Seemingly over-anxious to continue his involvement in the construction of the Point Fortin Highway, new National Security Minister Jack Warner has taken what some people see as precipitate and inappropriate action in calling out the army to destroy the camp of the Highway Re-route Movement. Indeed, former attorney general Ramesh Lawrence Maharaj has questioned the legality of the action of the National Security Minister.
Mr Warner said at a news conference on Wednesday that he checked with the new Minister of Works and Infrastructure, Senator Emmanuel George whether he wanted the construction of the highway to resume its original speed-that is before work was stopped for consultation with the protesters.

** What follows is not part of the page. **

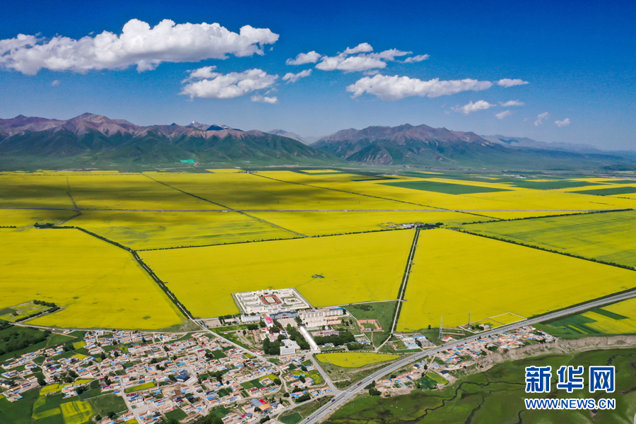 青海門源:高原油菜花開鋪就“金色花海”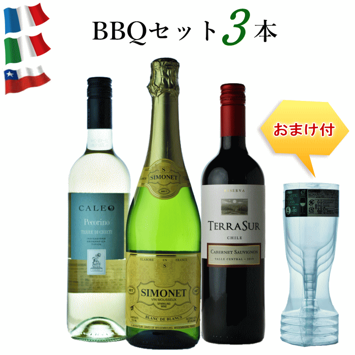 バーベキュー ワイン 3本セットはいかがでしょうか。赤白と加えてシャンパンもセットに入っていて最初の一杯にお勧めです

When Mr George said yes, Mr Warner called the Chief of Defence Staff, Mr Maharaj, and asked for an army contingent to go at 5.30 am yesterday to demolish the camp. The National Security Minister did not say anything about how the police became involved, but reports and pictures from the site indicate that a contingent of police officers was also on the scene.
Mr Warner did not reveal at his news conference yesterday how the police contingent arrived at the Debe camp. It would be interesting to find out if he also called the Commissioner of Police and made the same "request" for police to be part of the team which demolished the camp, and on what basis.
In appointing Mr Warner last week, Prime Minister Persad-Bissessar called him a "man of action." And as is well known from the history of his involvement locally with the T&T Football Federation and from his decades as a senior executive of FIFA, Mr Warner gets things done quickly and effectively. However, acting quickly is different from acting appropriately.
In the circumstances, therefore, the constitutional experts must say if Mr Warner was within his remit as a minister, or did he overstep the bounds in effectively ordering the head of the defence force to send a squad of army officers? In his previous role of Works Minister, Mr Warner crossed swords with the protesters more than once. By his latest action, he now attracts the suspicion that his first move in his new ministry has been to use the new powers conferred on him by that portfolio to enact a vendetta against members of the Highway Re-Route Movement who verbally roughed him up at consultations and meetings.
No one is saying that the new National Security Minister should not take swift and decisive action. In fact, even many of Mr Warner's detractors are hoping that by exercising his much-vaunted characteristic energy he will be able to make a dent in crime where so many of his predecessors have failed.
But while it is quite clear that action is needed from the new national security minister, the kind of action that the population is longing for is a comprehensive and drastic campaign against the criminal activities of gangs and their members, the incessant murders, drug-trafficking, robberies, and other forms of serious crime.
While the anti-highway protesters may sometimes be dramatic, there is no question that they are criminals or that they raise fear in the hearts of law-abiding citizens. Most assuredly, if Mr Warner had instigated action by the security forces against criminal organisations there would have been almost unanimous commendation. That is where the minister has to focus his action-not on people exercising their democratic right to protest peacefully in a lawful cause.